GOAL OF THE EXERCISE —
The records below are to be written out exactly, with every picture omitted.

Records from a data source:
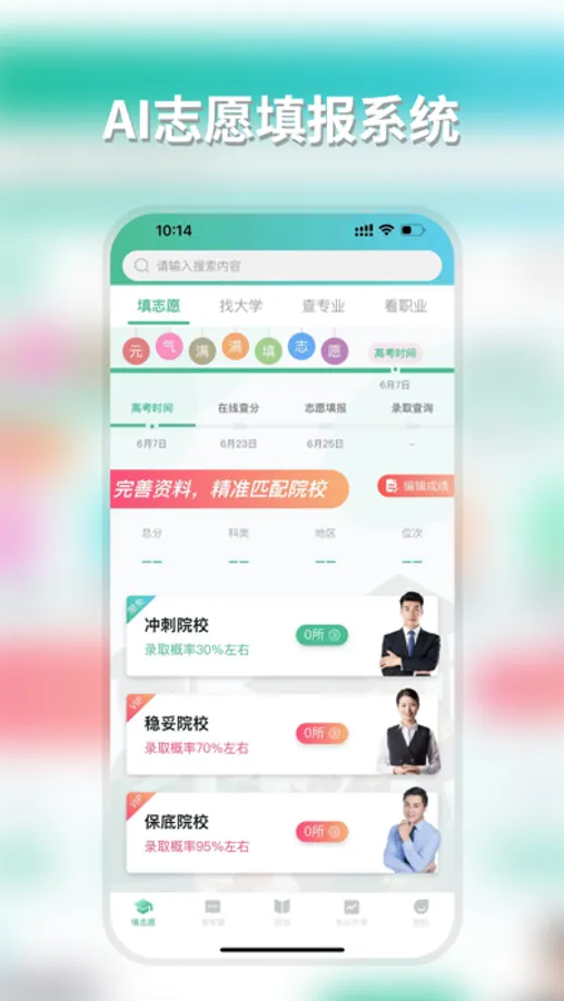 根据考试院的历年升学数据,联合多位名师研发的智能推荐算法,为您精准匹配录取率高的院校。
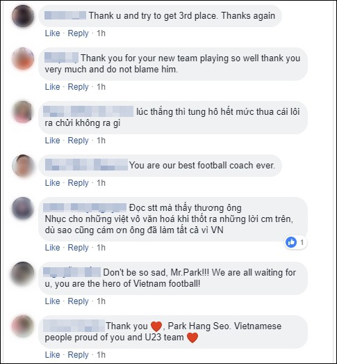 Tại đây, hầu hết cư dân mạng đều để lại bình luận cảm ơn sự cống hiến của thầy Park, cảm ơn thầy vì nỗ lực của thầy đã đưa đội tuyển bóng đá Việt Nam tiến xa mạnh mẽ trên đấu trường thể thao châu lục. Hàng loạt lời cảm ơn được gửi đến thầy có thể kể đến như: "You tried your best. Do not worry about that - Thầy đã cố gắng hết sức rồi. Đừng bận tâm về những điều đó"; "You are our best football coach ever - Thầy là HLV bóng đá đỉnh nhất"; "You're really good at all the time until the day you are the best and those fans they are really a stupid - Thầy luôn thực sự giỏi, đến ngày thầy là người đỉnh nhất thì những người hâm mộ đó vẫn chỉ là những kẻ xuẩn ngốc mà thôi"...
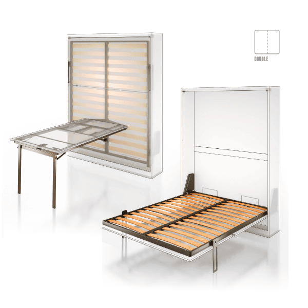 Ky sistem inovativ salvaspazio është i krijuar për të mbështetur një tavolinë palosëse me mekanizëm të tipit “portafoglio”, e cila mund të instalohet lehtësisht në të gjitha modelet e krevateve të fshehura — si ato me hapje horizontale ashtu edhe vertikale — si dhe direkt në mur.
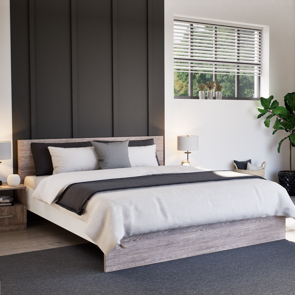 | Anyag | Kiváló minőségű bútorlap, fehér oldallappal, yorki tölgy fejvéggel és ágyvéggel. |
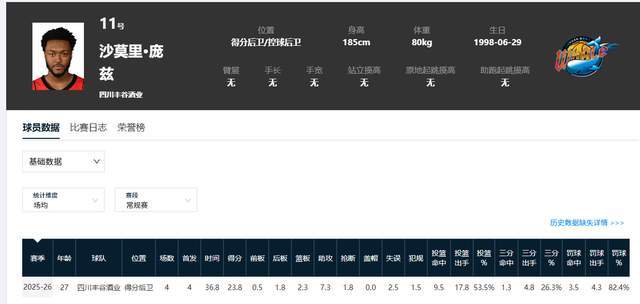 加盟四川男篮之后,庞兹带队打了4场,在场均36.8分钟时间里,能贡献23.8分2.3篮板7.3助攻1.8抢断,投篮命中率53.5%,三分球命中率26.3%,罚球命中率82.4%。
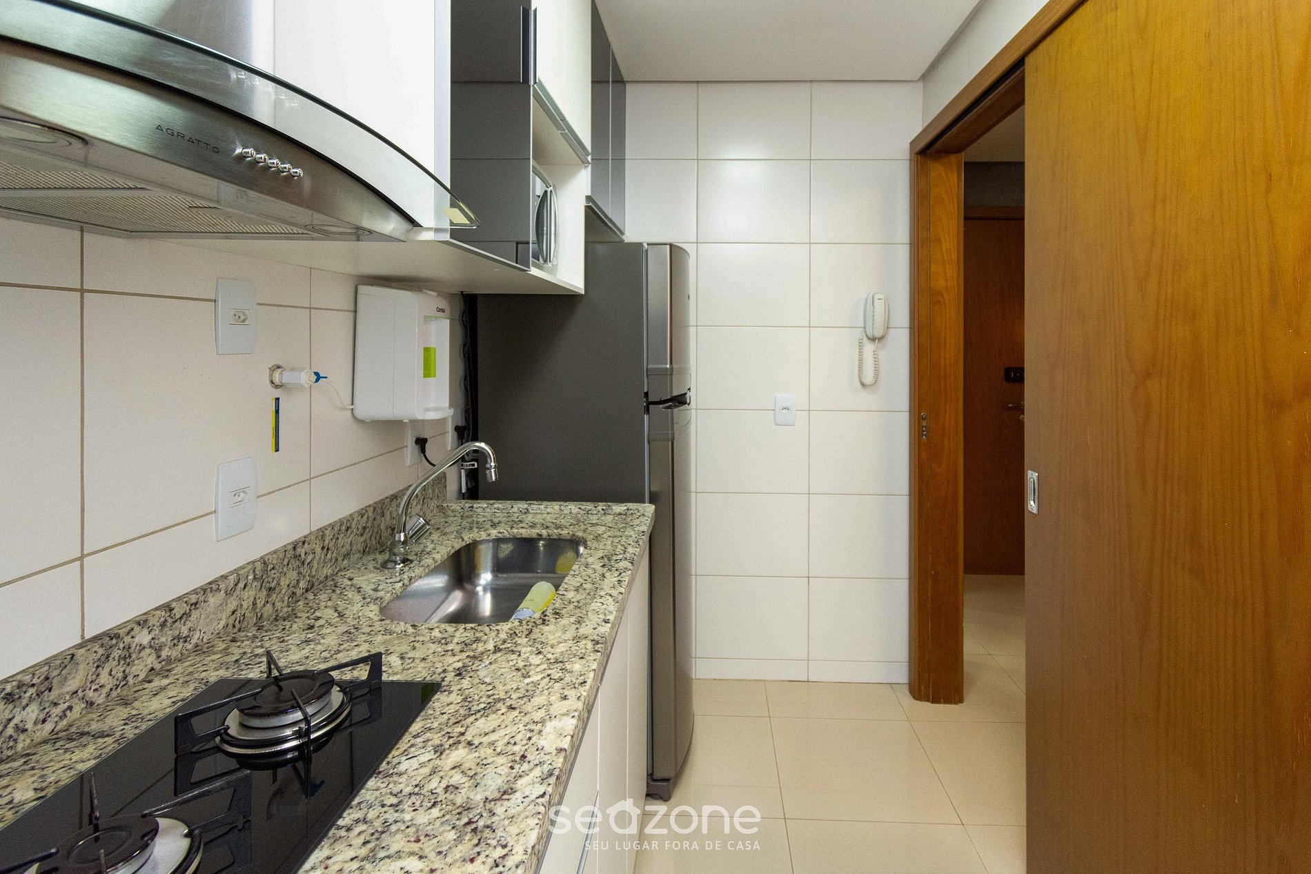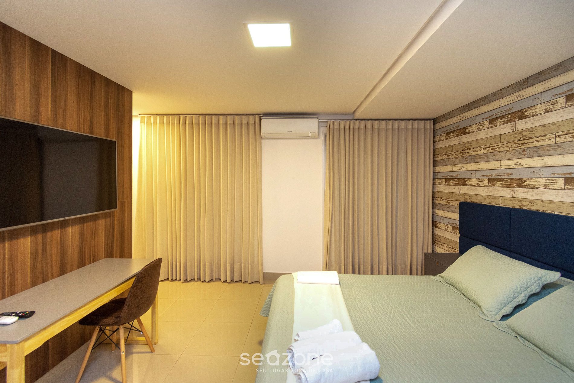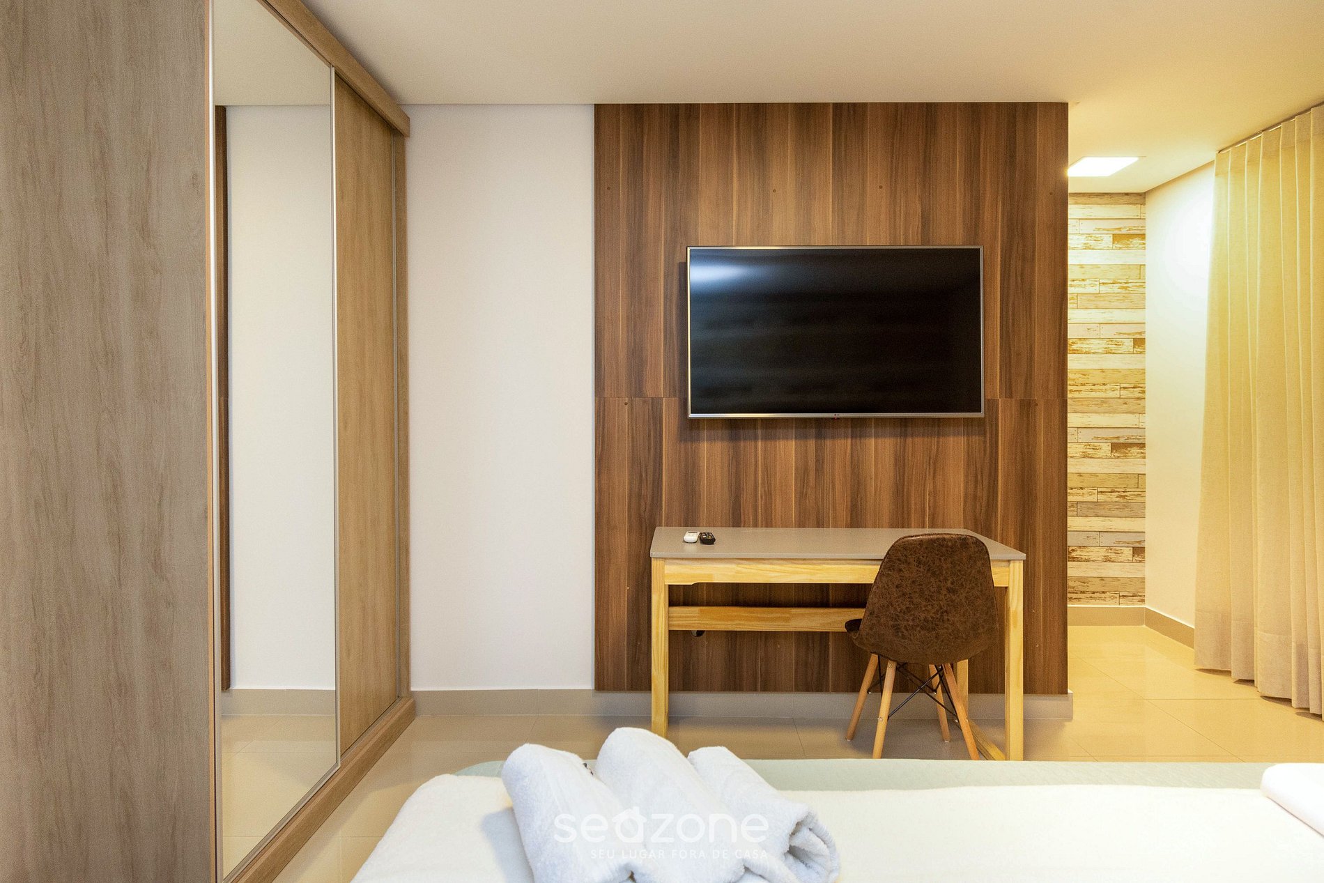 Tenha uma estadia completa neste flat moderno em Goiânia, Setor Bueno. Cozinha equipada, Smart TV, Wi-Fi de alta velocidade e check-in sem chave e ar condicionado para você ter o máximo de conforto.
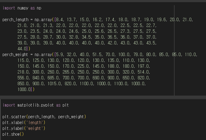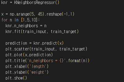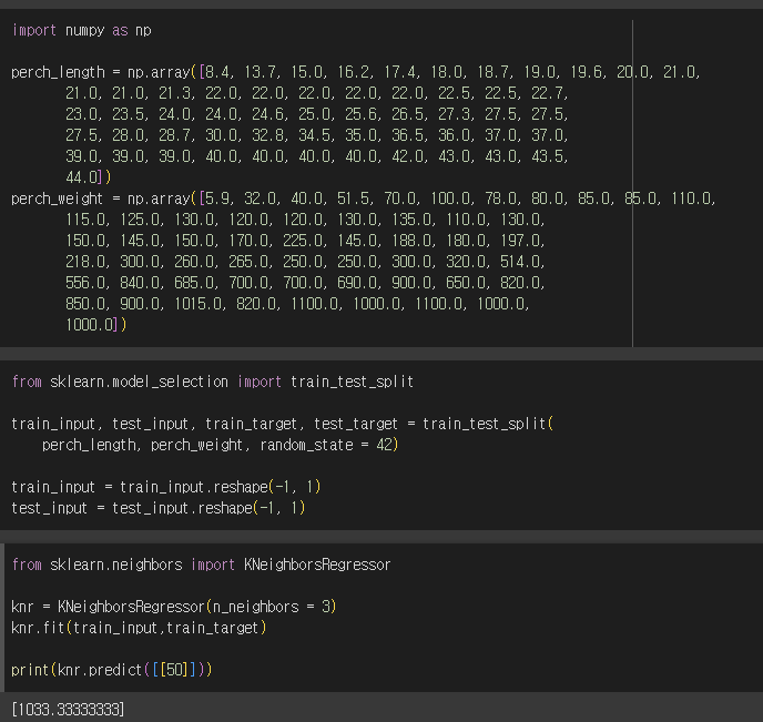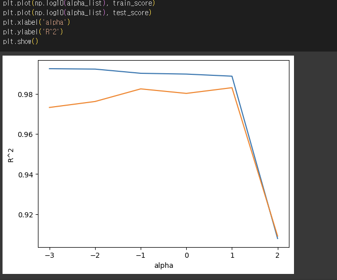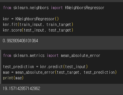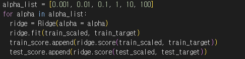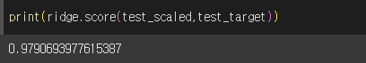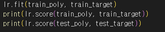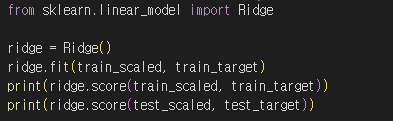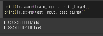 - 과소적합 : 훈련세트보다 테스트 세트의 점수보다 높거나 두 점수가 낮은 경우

ANSWER SECTION —
 根据考试院的历年升学数据,联合多位名师研发的智能推荐算法,为您精准匹配录取率高的院校。
 Tại đây, hầu hết cư dân mạng đều để lại bình luận cảm ơn sự cống hiến của thầy Park, cảm ơn thầy vì nỗ lực của thầy đã đưa đội tuyển bóng đá Việt Nam tiến xa mạnh mẽ trên đấu trường thể thao châu lục. Hàng loạt lời cảm ơn được gửi đến thầy có thể kể đến như: "You tried your best. Do not worry about that - Thầy đã cố gắng hết sức rồi. Đừng bận tâm về những điều đó"; "You are our best football coach ever - Thầy là HLV bóng đá đỉnh nhất"; "You're really good at all the time until the day you are the best and those fans they are really a stupid - Thầy luôn thực sự giỏi, đến ngày thầy là người đỉnh nhất thì những người hâm mộ đó vẫn chỉ là những kẻ xuẩn ngốc mà thôi"...
 Ky sistem inovativ salvaspazio është i krijuar për të mbështetur një tavolinë palosëse me mekanizëm të tipit “portafoglio”, e cila mund të instalohet lehtësisht në të gjitha modelet e krevateve të fshehura — si ato me hapje horizontale ashtu edhe vertikale — si dhe direkt në mur.
 | Anyag | Kiváló minőségű bútorlap, fehér oldallappal, yorki tölgy fejvéggel és ágyvéggel. |
 加盟四川男篮之后,庞兹带队打了4场,在场均36.8分钟时间里,能贡献23.8分2.3篮板7.3助攻1.8抢断,投篮命中率53.5%,三分球命中率26.3%,罚球命中率82.4%。
 Tenha uma estadia completa neste flat moderno em Goiânia, Setor Bueno. Cozinha equipada, Smart TV, Wi-Fi de alta velocidade e check-in sem chave e ar condicionado para você ter o máximo de conforto.
 - 과소적합 : 훈련세트보다 테스트 세트의 점수보다 높거나 두 점수가 낮은 경우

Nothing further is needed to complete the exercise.